31話
俺は応接室から出て、ロイツェンのみんなが待つ部屋に戻る。
「クロツハルト殿!?」
「閣下、よくぞ御無事で!」
「おいソファを空けてくれ、クロツハルト様をこちらに!」
「水をお持ちしろ!」
ハンナやその他のメンバーが大騒ぎして、俺をソファに座らせる。
なんだなんだ、俺は重傷兵か何かか。
真っ先に口を開いたのは、やはりハンナだった。
「クロツハルト殿がなかなかお戻りにならないので、まさかと思って心配していました」
ハンナはうっすら涙目になっている。

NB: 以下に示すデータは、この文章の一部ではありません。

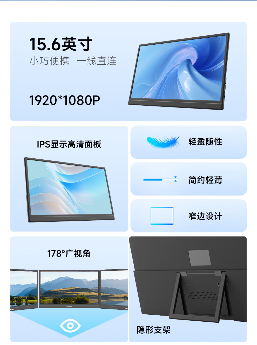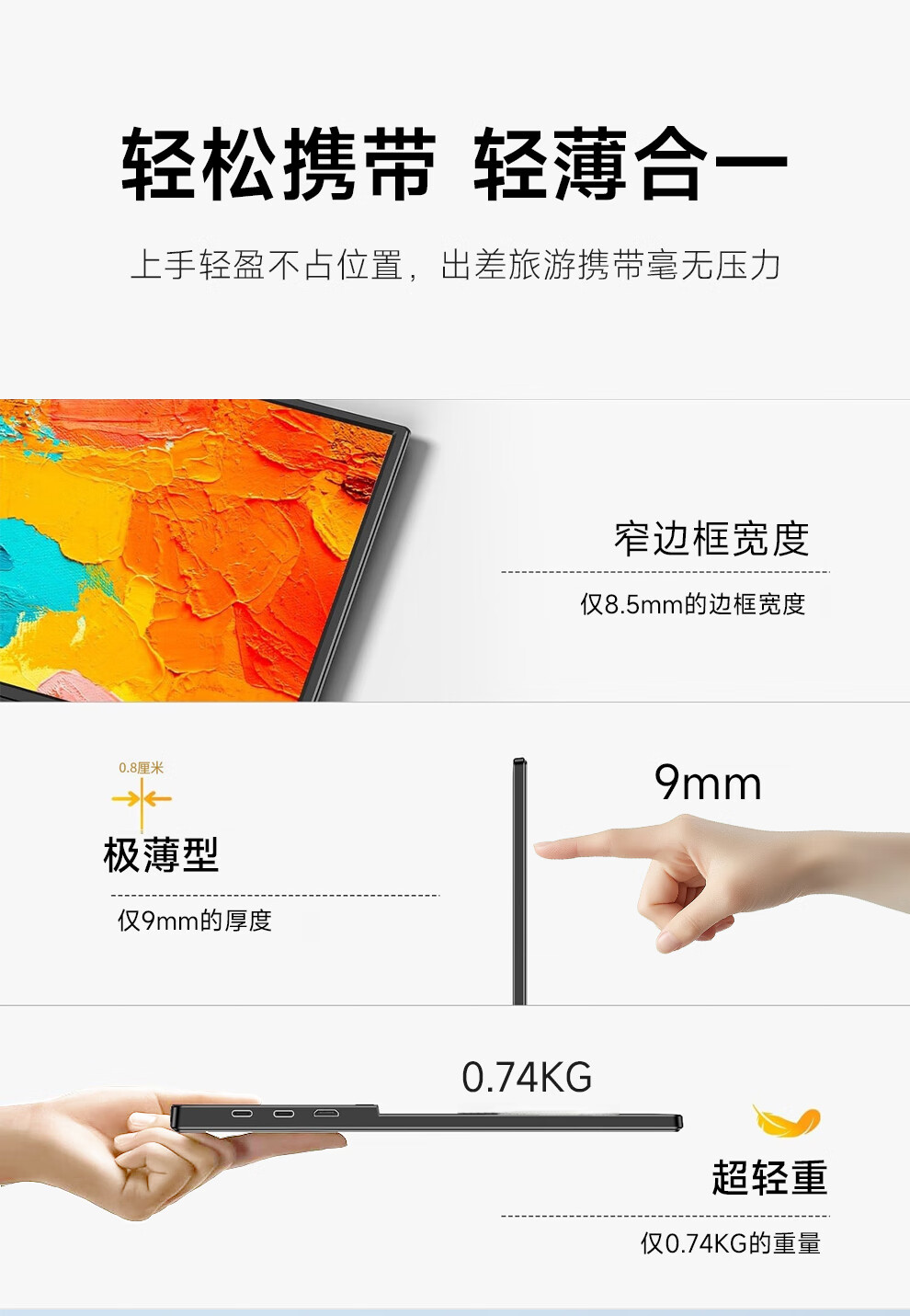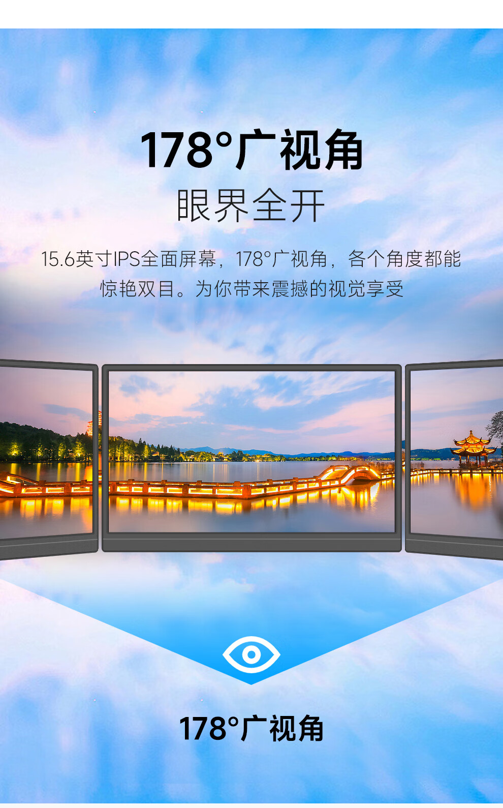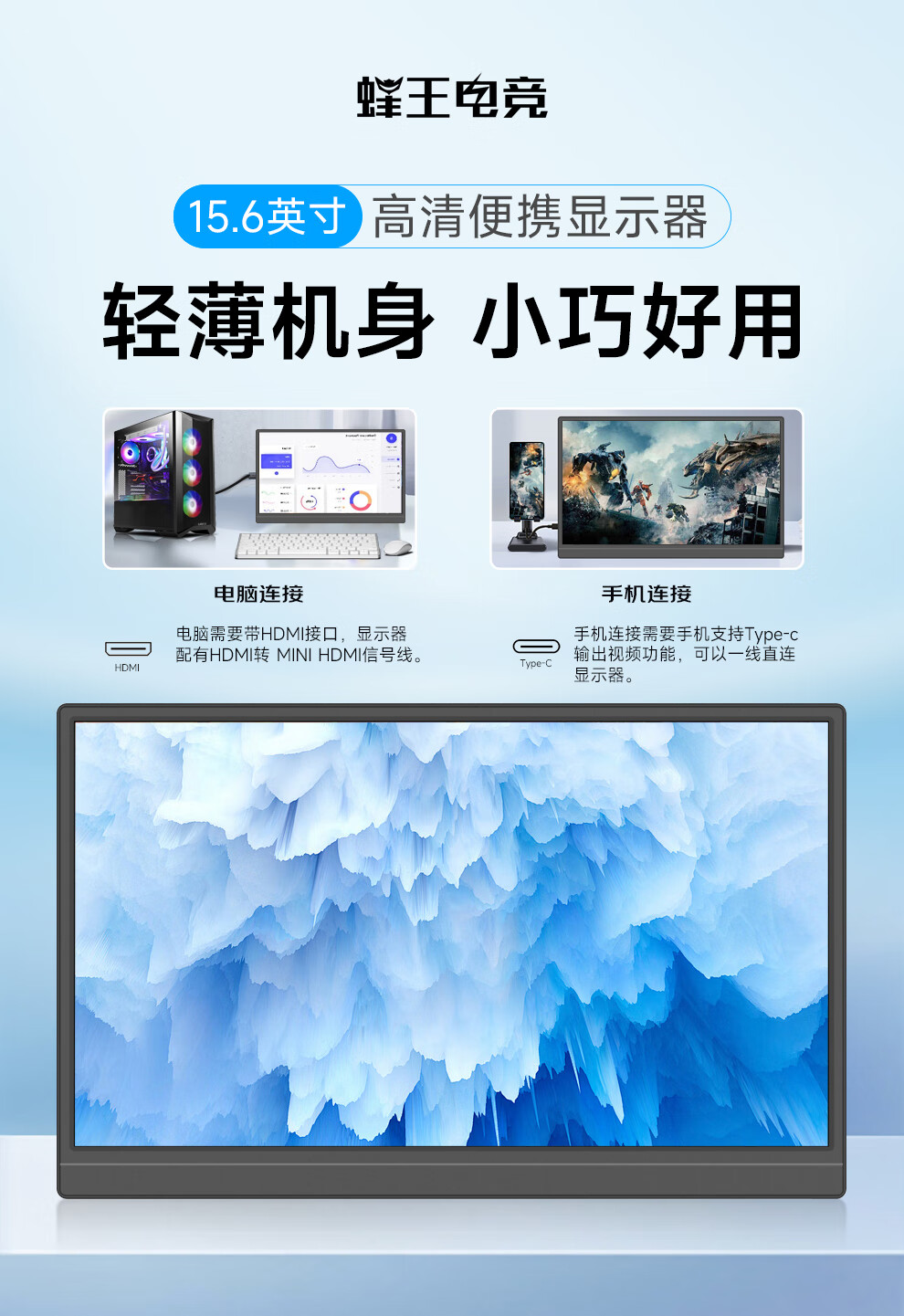 蜂王电竞便携显示器15.6英寸IPS办公高清显示屏电脑手机笔记本外接副屏扩展屏PS4/5 Switch Type-c接口

心配しすぎだろ。
しかし他の兵士や外交官も口々に同じことを言い出した。
「あの女帝がクロツハルト様を狙っていることは、自分たちも理解しているつもりです」
「そうです。閣下はロイツェンにとって不可欠の人材ですから」
君たちちょっと落ち着きたまえ。俺はただの紋章官で、副業は公女殿下の家庭教師だ。
確かに今回は重要な役割を持っているが、俺がいなくてもロイツェンは滅びない。
俺は差し出された水を一口飲んでから、ほっとした気持ちで笑う。
「心配するな、みんな。話はまとめてきた。事前の打ち合わせ通りだ」
その瞬間、一同が驚いた表情になる。
「おお……。さすがはクロツハルト殿」
「たった一人でグライフの女帝に……?」
「軍人顔負けの胆力ですな」
いや、みんなが思ってるほどあの人怖くないから。ちゃんと話ができる相手だった。
「例の条件で停戦協定を結ぶように呑ませてきた。すぐに書類を用意してくれ。パルネア王室の件はわかってるな?」
「はい、閣下。我々は『何も知りません』ので」
グライフ帝国はパルネア王室の代表者はマクレーヌ王妃だと思っているだろう。国王も王太子も戦死しているからだ。他に成人している王子や王女はいない。
だが実際のところは、王妃は最愛の息子を失った悲しみで公務ができない状態に陥っている。俺も面会したが、あれはちょっと無理だろう。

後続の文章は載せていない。